Your instructions :: Each line below from the line with "AK蝾螈(AK-xolotl" to the line with "https://x.com:443/ASCIIART_NOVEL/status/1919268958357586067" must be copied exactly, including those two, and no picture may appear in the copy.

Provided information ::
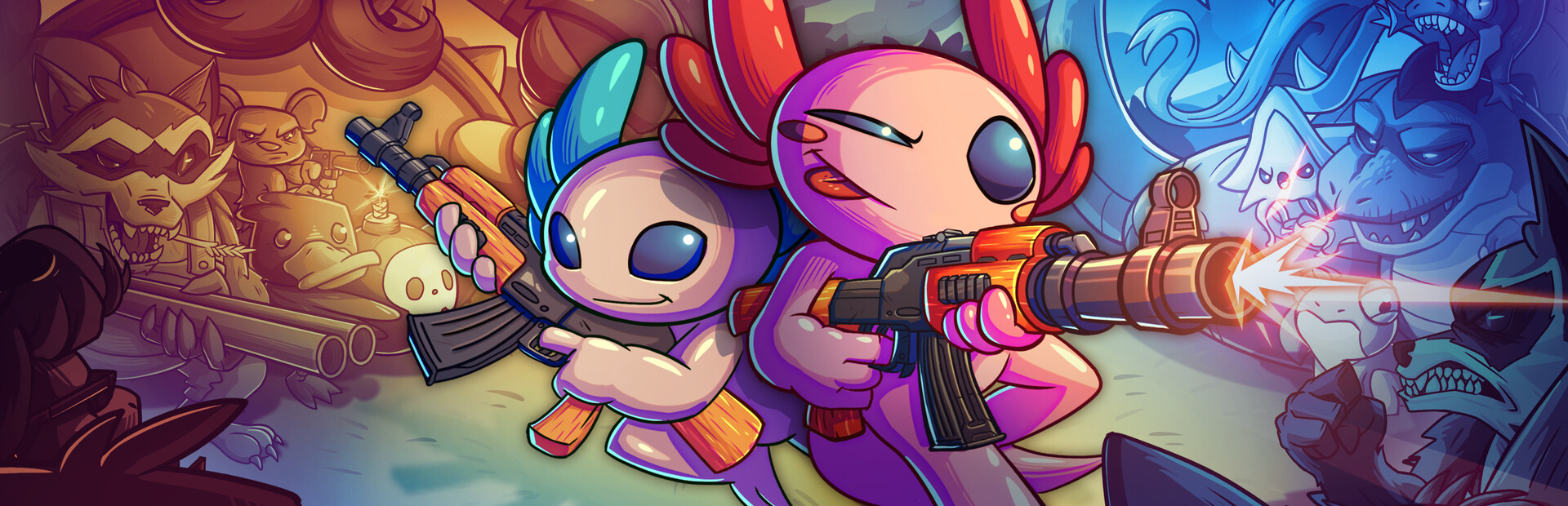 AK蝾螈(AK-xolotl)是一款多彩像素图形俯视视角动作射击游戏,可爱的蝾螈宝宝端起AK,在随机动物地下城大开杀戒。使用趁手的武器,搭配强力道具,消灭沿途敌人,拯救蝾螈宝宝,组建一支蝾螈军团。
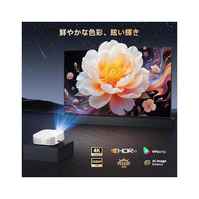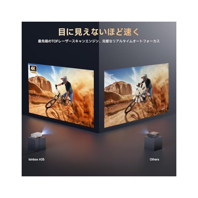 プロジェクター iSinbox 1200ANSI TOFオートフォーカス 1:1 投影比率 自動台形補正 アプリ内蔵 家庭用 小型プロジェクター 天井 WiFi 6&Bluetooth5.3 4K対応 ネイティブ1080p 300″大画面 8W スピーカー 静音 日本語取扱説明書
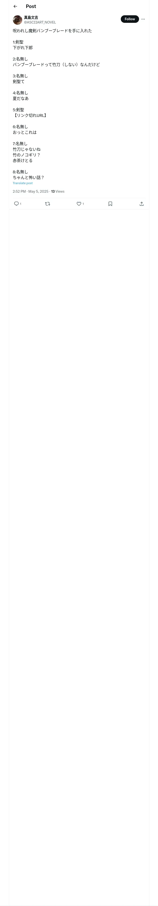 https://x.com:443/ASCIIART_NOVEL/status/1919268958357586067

==

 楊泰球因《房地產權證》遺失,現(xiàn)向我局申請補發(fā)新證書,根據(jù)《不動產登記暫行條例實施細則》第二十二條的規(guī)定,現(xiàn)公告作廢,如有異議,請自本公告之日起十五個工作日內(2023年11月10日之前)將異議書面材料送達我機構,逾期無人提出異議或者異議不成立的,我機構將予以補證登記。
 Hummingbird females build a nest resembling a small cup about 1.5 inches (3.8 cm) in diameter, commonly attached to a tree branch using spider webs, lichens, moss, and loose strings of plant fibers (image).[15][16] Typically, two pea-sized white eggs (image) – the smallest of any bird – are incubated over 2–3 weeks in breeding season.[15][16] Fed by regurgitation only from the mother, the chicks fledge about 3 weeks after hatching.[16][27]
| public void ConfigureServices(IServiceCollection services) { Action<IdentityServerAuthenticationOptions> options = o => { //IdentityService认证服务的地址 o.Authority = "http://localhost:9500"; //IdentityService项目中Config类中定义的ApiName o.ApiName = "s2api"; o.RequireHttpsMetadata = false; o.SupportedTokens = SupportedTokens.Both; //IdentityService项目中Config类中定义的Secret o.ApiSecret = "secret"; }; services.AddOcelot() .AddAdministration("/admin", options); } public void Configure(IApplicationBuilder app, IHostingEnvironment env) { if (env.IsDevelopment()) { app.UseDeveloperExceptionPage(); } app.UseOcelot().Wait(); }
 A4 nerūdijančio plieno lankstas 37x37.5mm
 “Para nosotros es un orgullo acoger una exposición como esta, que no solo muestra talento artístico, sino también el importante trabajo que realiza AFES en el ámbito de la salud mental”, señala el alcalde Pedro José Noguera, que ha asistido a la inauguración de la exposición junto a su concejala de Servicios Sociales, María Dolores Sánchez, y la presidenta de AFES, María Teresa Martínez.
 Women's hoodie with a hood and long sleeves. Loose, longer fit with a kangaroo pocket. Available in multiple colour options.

Exercise solution ::
 AK蝾螈(AK-xolotl)是一款多彩像素图形俯视视角动作射击游戏,可爱的蝾螈宝宝端起AK,在随机动物地下城大开杀戒。使用趁手的武器,搭配强力道具,消灭沿途敌人,拯救蝾螈宝宝,组建一支蝾螈军团。
 プロジェクター iSinbox 1200ANSI TOFオートフォーカス 1:1 投影比率 自動台形補正 アプリ内蔵 家庭用 小型プロジェクター 天井 WiFi 6&Bluetooth5.3 4K対応 ネイティブ1080p 300″大画面 8W スピーカー 静音 日本語取扱説明書
 https://x.com:443/ASCIIART_NOVEL/status/1919268958357586067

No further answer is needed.